After that, pretreatment patient characteristics such as KPS, neurological impairment, distant metastatic sites, systemic CTX, or time between diagnosis of PD and LM have been shown to influence survival, though there has not been agreement since the 1990s regarding which prognostic factor is more significant.4,9,10,18 These factors did not achieve statistical significance in the present analysis, but it should be acknowledged that this may be due to the small sample size. Furthermore, it was observed that all the three best performing patients had a KPS >60% and an interval >35 months between the initial diagnosis of malignant disease and LM. What is more, two of the three best performing patients in the present analysis had a KPS >70%, metastases to the bones, and no visceral metastases. These factors have been shown to correlate with better survival. The results in the present analysis suggests that the technique employed in CSI may play a part, too, given the fact that median OS thanks to HT was superior to the one reported by the above trials. Furthermore, cranial nerve affection was reported to make a fivefold difference in survival: median OS for patients with neurological symptoms treated with conventional RT was 3.7 weeks as opposed to19.4 weeks for those without.10 But cranial nerve dysfunction was ubiquitous in the patients of this trial and yet a 3-month median OS was achieved.

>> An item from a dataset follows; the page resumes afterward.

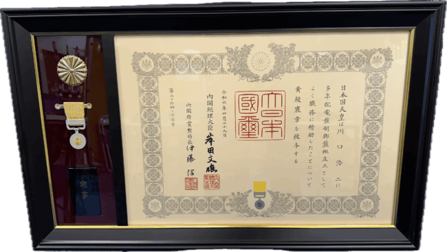 栄廣電設株式会社社長川口浩二が多年配電盤制御盤組立工として黄綬褒章を授与されました
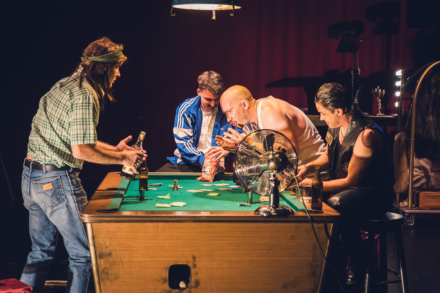 Pe de altă parte, suflarea masculină este grupată în spatele lui Codrin Boldea (câștigător al premiului pentru debut la Gala Premiilor UNITER 2018 pentru rolul Laertes din „Hamlet”-ul lui Victor Ioan Frunză la Teatrul Metropolis), azi un actor consistent și un excelent partener de luptă pentru Corina Moise. El reușește un excepțional Stanley Kowalsky, sergent major în corpul de mecanici, șarmant și impozant, un singuratic plin de vulnerabilități, dur și necioplit ca un braț cu biceps viguros (și lenjerie roșie, nice comment!) antrenat exclusiv pentru a arunca fără încetare bilele grele ale violenței masculine pe pista lungă de bowling pe care-și demonstrează fără încetare puterile, double strike după double strike, în fața tuturor femeilor care-i trec prin preajmă, un anti-macho căruia rolul i se potrivește mănușă, un tip abrupt, cu codul lui Napoleon în dinți (!) și deprinderi de animal primitiv, ca o maimuță din manualele de antropologie (excelent portretul pe care i-l întocmește Blanche, go, go, go Stanley go, go… but Stanley be good… like Johnny!…). Un tip până la capăt grobian și justițiar deopotrivă, cu o remarcabilă intuiție și inteligență neșlefuită de detectiv cu care va descâlci încurcăturile de familie (în timp ce bate la tobe, cred că și Marlon Brando tremură oleacă printre eternitățuri (!)).

Finally, it must be acknowledged that toxicity often does not constitute an end point. As a consequence, it should not be mistakenly interpreted that HT-CSI induces more adverse effects, simply because extra attention was paid to precise and detailed reporting of adverse effects. Yet, compared with conventional whole brain RT, HT-CSI-induced toxicity is more frequent and more severe.10 Even compared with other HT trials, hematological toxicity grade 3 or higher was more common in the present study.19 Even though similar leukopenia was reported, almost 1.5 and 4 times as many patients developed thrombocytopenia and anemia, respectively. Nevertheless, two-thirds of the patients reached normal values again without any transfusion of blood products. Aside from leukocytes and thrombocytes which reached normal values faster (at the end of HT and 1–1.5 months after HT, respectively), hemoglobin followed a pattern also noticed by Qu et al,19 namely, 5–6 months after HT. However, CSI appears to be associated with grade 3 and 4 hematological toxicities in patients pretreated with CTX.10 In the present study, 80% of patients underwent several CTX regimes before HT. However, the contribution of CTX to the described toxicities cannot be evaluated due to a short time span between the last CTX application and HT and also to lack of long-term follow-up.

Conclusion

HT-CSI can help meet the challenge of treating patients with LM, especially because it can palliate symptoms and improve neurological functions. One-year survival remains as disappointing as before. Therefore, going for HT-CSI in treating LM is a very critical decision-making process, and it should be an individual decision. Efforts should focus on diagnosing LM in earlier stages in order to prevent neurological deficits. Further evaluation of HT in a larger patient group should be undertaken.

Ethical approval

This study was approved by the local ethics committee (Ethics Committee of the Faculty of Medicine of the University of Heidelberg, Germany, S-390/2013). All procedures performed in studies involving human participants were in accordance with the ethical standards of the Ethics Committee of the Faculty of Medicine of the University of Heidelberg and with the 1964 Declaration of Helsinki and its later amendments. Written informed consent was obtained from all individual participants included in the study.